Sydney Film Festival to feature zombies, Woody Allen and a Maori Boy Genius

The 59th Sydney Film Festival has announced its first round of films.

Festival director Nashen Moodley told Encore: “I think what we’ve presented so far is a good view of world cinema and brought together some of the best films from the best film festivals around the world.”

Twenty-two Australian premieres, 15 features and 10 documentaries are included in the 25 titles announced.

The program so far includes Benh Zeitlin’s Beasts of the Southern Wild, which won the grand jury prize at Sundance, the Woody Harrelson-starring Rampart directed by Oren Moverman and zombie film Harold’s Going Stiff by Keith Wright.

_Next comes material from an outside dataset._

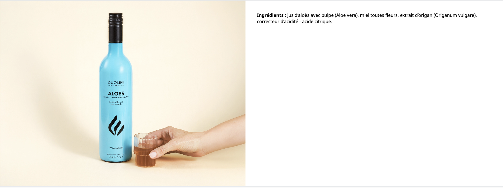 Fidèle à sa philosophie du bien-être naturel, DuoLife conçoit ses compléments sans compromis sur la qualité. DUOLIFE Aloes est formulé sans conservateur, sans OGM et sans gluten, pour préserver la pureté de votre organisme et de la planète. Les emballages sont sûrs et respectueux de l’environnement, garantissant un produit sain et authentique.
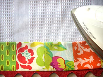 - Take a completed eight-square row and press under one long side and both short sides ½”. Be careful to keep your edges and corners nice and sharp. Your row now measures 20″ x 3″.

Also featuring is Woody Allen: A Documentary by Robert B Weide, New Zealand’s Maori Boy Genius and Side By Side, a documentary with Keanu Reeves as interviewer/narrator/co-producer about the change of cinema from celluloid to pixels.

Moodley, in his first year as director, said of the selection, said: “I think the festival has had an extraordinary level of programming so for me its not a huge shift in the philosophy and in the way of geographical diversity, new film-makers, masters of film-making but of course every director has their own taste.”

The 25 titles make up only about one-sixth of the full program, Moodley said, with two thirds of the program secured.

As yet there are no Australian titles announced but from the films Moodley had screened, he said: “We’ve seen lot of films already for selection and I’m impressed by the quality. I think it’s a good year from what I’ve’s seen and the horizon.”

The festival well again feature the Foxtel Australian Documentary Prize and the Dendy Awards for short films as well as the Official Competition prize of $60,000.

From the selection, Moodley said he was most excited by films Tabu, Beasts of the Southern Wild and Neighbouring Sounds. “These are films that will shock the audiences, I seldom have the opportunity but I look forward to watching some of them from the back of the hall.